If possible, it's highly beneficial for projects to extend the testing phase even further by letting real users use the network. Idea is the same as in agent-based testing - continuous optimization based on provided metrics. Furthermore, in case the project considers airdropping its tokens, giving them to early users is a great strategy. Even though part of the activity will be disingenuine and airdrop-oriented, such strategy still works better than most.

Time Duration

Token engineering process may take from as little as 2 weeks to as much as 5 months. It depends on the project category (Layer 1 protocol will require more time, than a simple DApp), and security requirements. For example, a bank issuing its digital token will have a very low risk tolerance.

Required Skills for Token Engineering

Token engineering is a multidisciplinary field and requires a great amount of specialized knowledge. Key knowledge areas are:

  • Systems Engineering
  • Machine Learning
  • Market Research
  • Capital Markets
  • Current trends in Web3
  • Blockchain Engineering
  • Statistics


The token engineering process consists of 3 steps: Discovery Phase, Design Phase, and Deployment Phase. It’s utilized mostly by established blockchain projects, and financial institutions like the International Monetary Fund. Even though it’s a very resource-consuming process, we believe it’s worth it. Projects that went through scrupulous design and testing before launch are much more likely to receive VC funding and be in the 10% of crypto projects that survive the bear market. Going through that process also has a symbolic meaning - it shows that the project is long-term oriented.

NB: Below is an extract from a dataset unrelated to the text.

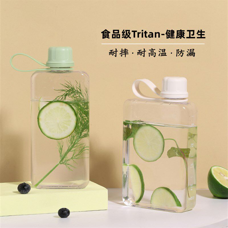 简约时尚创意扁平方形随手杯带刻度小巧便携防漏耐摔学生塑料水杯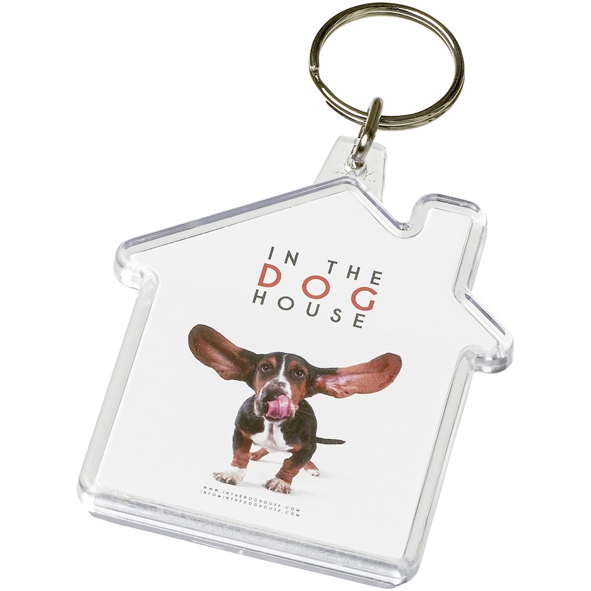 Miljøvenligt husformet nøglering med eget logo. Den er fremstillet i det miljøvenlige materiale GPPS. Trykket laves på begge sider på et papir som placeres indenfor GPPS-plastikhylsteret. Trykket kan laves forskelligt på begge sider. Nøgleringen er fremstillet i Europa.

If you're looking to create a robust tokenomics model and go through institutional-grade testing please reach out to Our team is ready to help you with the token engineering process and ensure your project’s resilience in the long term.


What does token engineering process look like?

  • Token engineering process is conducted in a 3-step methodical fashion. This includes Discovery Phase, Design Phase, and Deployment Phase. Each of these stages should be tailored to the specific needs of a project.

Is token engineering meant only for big projects?

  • We recommend that even small projects go through a simplified design and optimization process. This increases community's trust and makes sure that the tokenomics doesn't have any obvious flaws.

How long does the token engineering process take?

  • It depends on the project and may range from 2 weeks to 5 months.